◆ TASK PROMPT ◆
For this exercise, print the listing below exactly, without its pictures.

◆ GIVEN INFORMATION ◆
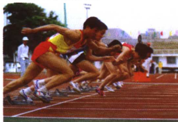
▲首都体育学院田径比赛
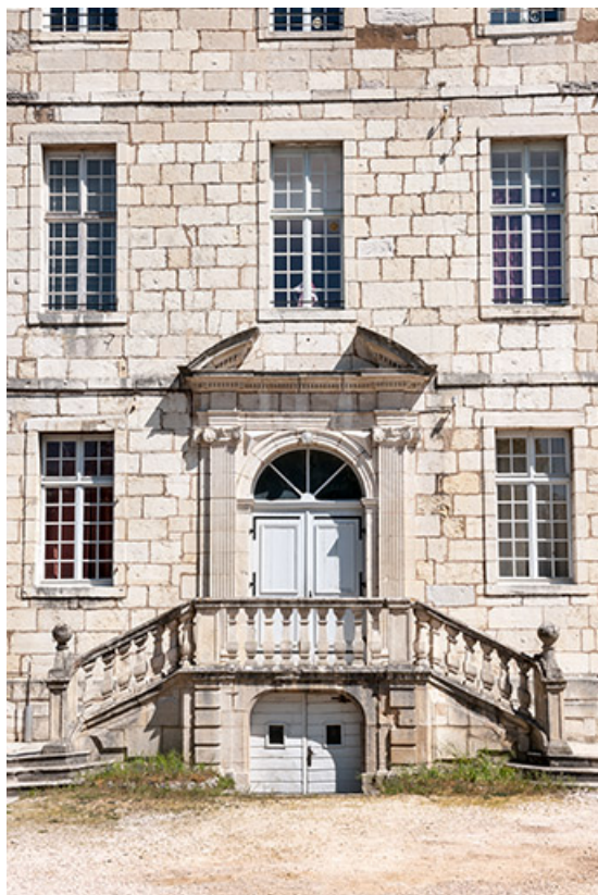
Ancien hôpital de la Charité, actuellement internat, portail d'entrée ouest. 39, Dole, 6 Grande Rue
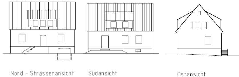
Abbildung 6: Ansichten Haus Sybille, ohne Maßstab

Die Grundfläche des Hauses beträgt 90 m 2 , die Wohnfläche etwa 130 m 2 .

◆ RESPONSE AREA ◆
▲首都体育学院田径比赛
Ancien hôpital de la Charité, actuellement internat, portail d'entrée ouest. 39, Dole, 6 Grande Rue
Abbildung 6: Ansichten Haus Sybille, ohne Maßstab

Die Grundfläche des Hauses beträgt 90 m 2 , die Wohnfläche etwa 130 m 2 .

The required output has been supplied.